When a company’s financial documents relate to accounting services, a shareholder’s right of inspection may not extend to those documents that are subject to the accountant-client privilege.  Although the tension between the shareholder’s right to inspection and the corporation’s accountant-client privilege has not been decided by a Florida court, the Colorado statute is substantially similar and its courts have held in certain circumstances the privilege may supersede the statutory right of inspection.  In one case,[i] shareholders accused the directors and accountants of fraud and conspiracy in connection with a merger.  The plaintiffs demanded to inspect financial records possessed by the corporation’s accountants.  The “court upheld the defendants’ assertion of accountant-client privilege” and found the “fact that a qualified shareholder shall have the right to examine its books and records of account”, does not nullify the company’s privilege against having its accountants examined.[ii]

However, in another case,[iii] the same court determined that “the accountant-client privilege did not protect the communications between the corporations and their accountant from disclosure”.  Specifically, the petitioners alleged that the controlling shareholders of a realty company violated their fiduciary duty by engaging in the misapplication and waste of company assets.  Plaintiffs sought to obtain financial records as well as to depose members of the corporation’s accounting firm.  The court concluded that the petitioners “established good cause to put aside the protections of the accountant-client privilege”. The court focused on the fact that the discovery requests related to past events, communications that were directly related to the allegations brought against the company and are essential to the crux of the action.

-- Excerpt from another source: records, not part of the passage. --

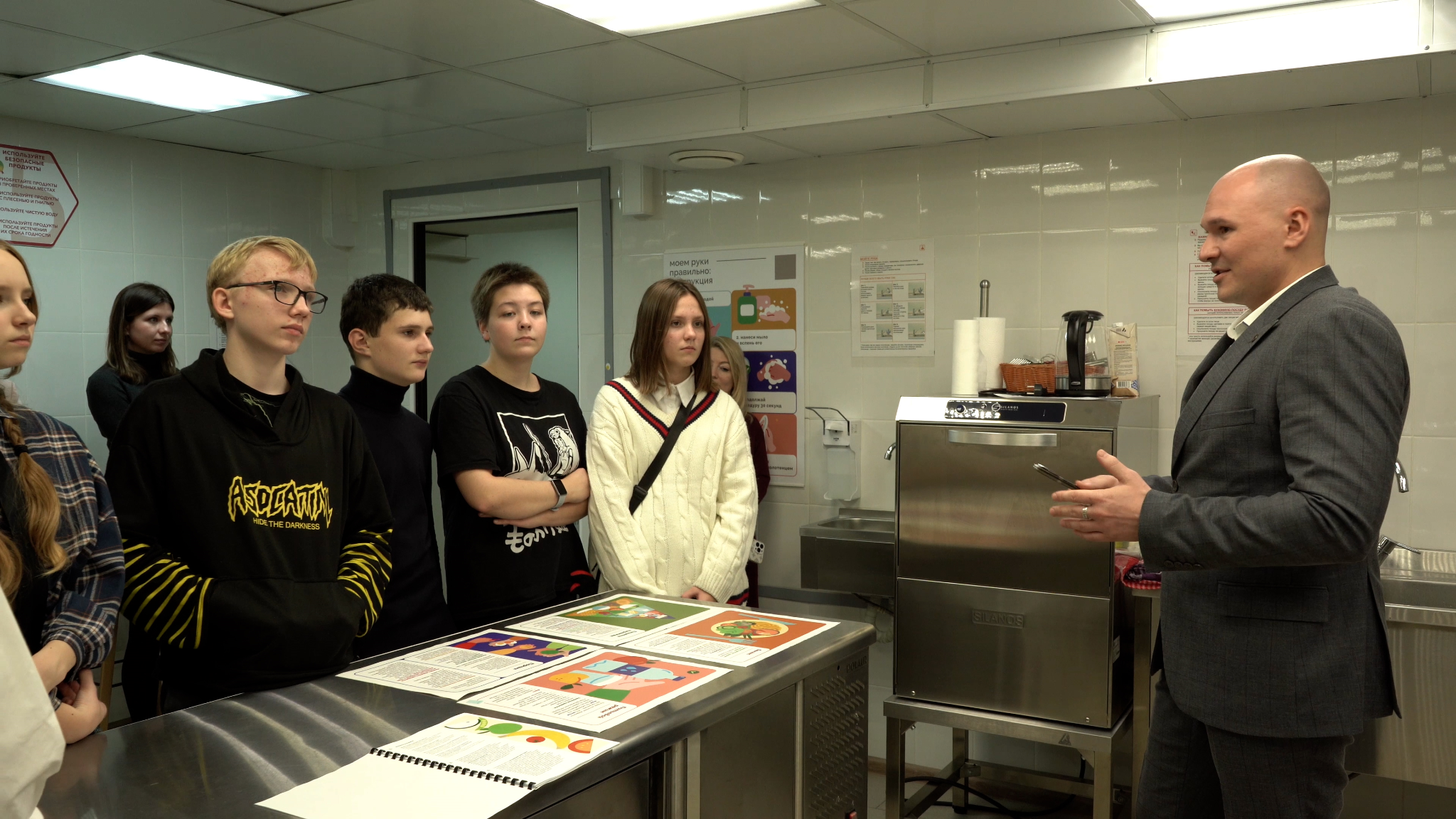 Заведующий организационно-методическим отделением, врач по гигиеническому воспитанию Денис Алексеевич Делицын в «Лаборатории здорового питания» рассказал учащимся о здоровом образе жизни, основных принципах здорового питания, качестве и безопасности пищевых продуктов, а также о реализации национального проекта «Демография» федерального проекта «Укрепление общественного здоровья».
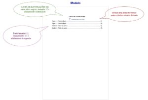 Importante: uma lista pressupõe que “itens” (plural) estejam sendo elencados, ou seja, você nunca deve elaborar uma lista para apenas uma ilustração. Recomenda-se a elaboração da lista de ilustrações quando houver pelo menos 2 (duas) ilustrações.
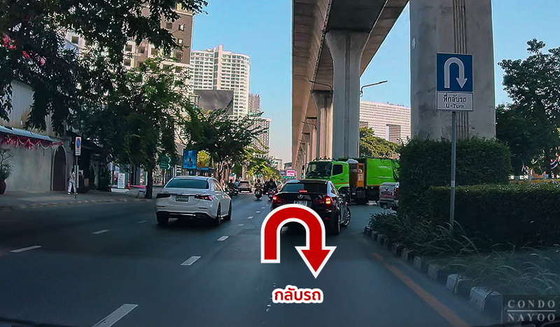 ขับตรงไปบนถนนภายในโครงการ โดยจะผ่าน 2 คอนโด คือ Abstracts พหลโยธิน พาร์ค และ The Line พหลโยธิน พาร์ค
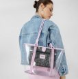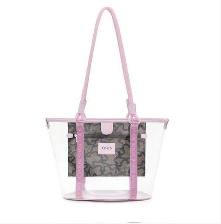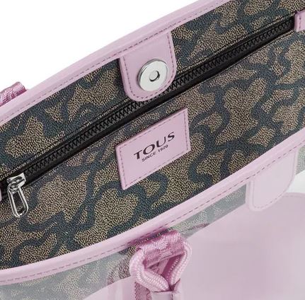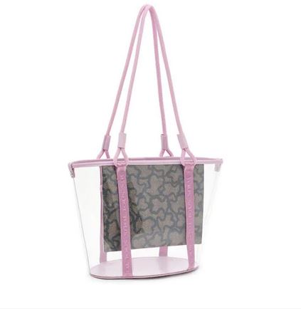 Bolso capazo mediano TOUS Kaos Summer color malva de vinilo transparente abierto con dos tiras laterales que recubren la parte externa, reforzando la estructura.
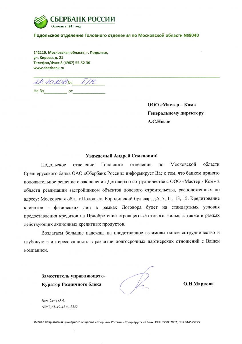 Головное Отделение по Московской области Среднерусского Банка ОАО «Сбербанк России» и Подольское отделение № 2573, подтвердили предварительную аккредитацию объекта.
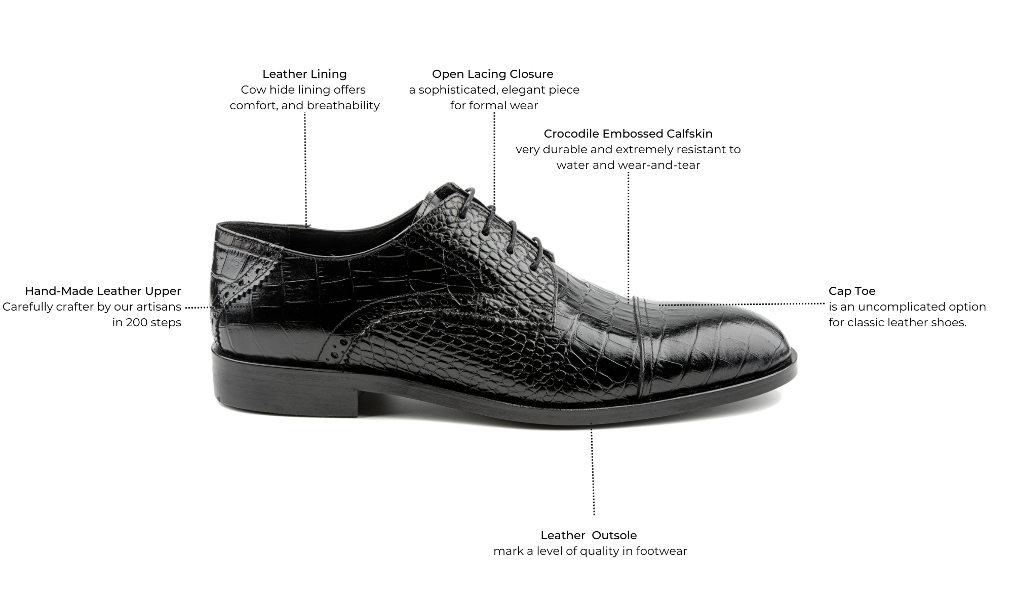 Cap Toe Derby Shoes, Designer Derby Shoes, Crocodile & Iguana Pattern Embossed Calfskin Handmade Dress Shoes for Men, Handmade Leather Sole High Gloss Black Dress Shoes : Taj by Debbano

In examining a shareholder’s request, courts will also focus on the stated purpose for the records and whether any other non-privileged documents exist which may fulfill the request.  However, when only privileged records containing the accountants’ professional opinion exist to fulfil the stated purpose, and such documents go to the heart of the shareholder’s claims, a court may order such records to be turned over to the shareholders accompanied by a confidentiality order.  Since it is difficult to reconcile the two Colorado cases, it appears the only court that has considered this issue twice has ruled in favor of providing the shareholders with the requested information.  However, when documents other than financial records satisfy the shareholder’s request or the privileged information can be redacted, the accountant-client privilege should continue to trump the shareholder’s right to inspect a corporation’s privileged financial records.

  1. Conclusion

While the Florida legislature has provided a method for a company shareholder to examine certain company documents, the scope of the accountant-client privilege may overcome this right depending upon the documents in issue and the context of the facts and circumstances of the request.  Therefore, the tension between the shareholder’s statutory right of access to records and the corporation’s accountant-client privilege is subject to a good cause examination by the courts to determine the shareholder’s stated purpose, whether the requested documents relate to the central issue of the allegations and the particular communications contained within the privileged documents sought.

[i] Weck v. District Court of the Second Judicial District, 158 Colo. 521 (1965) (en banc).

[ii] In re LTV Sec. Litig., 89 F.R.D. 595 (N.D. Tex. 1981), discussing Weck.

[iii] Neusteter v. Dist. Court In & For City & Cty. of Denver, 675 P.2d 1 (Colo. 1984) (en banc).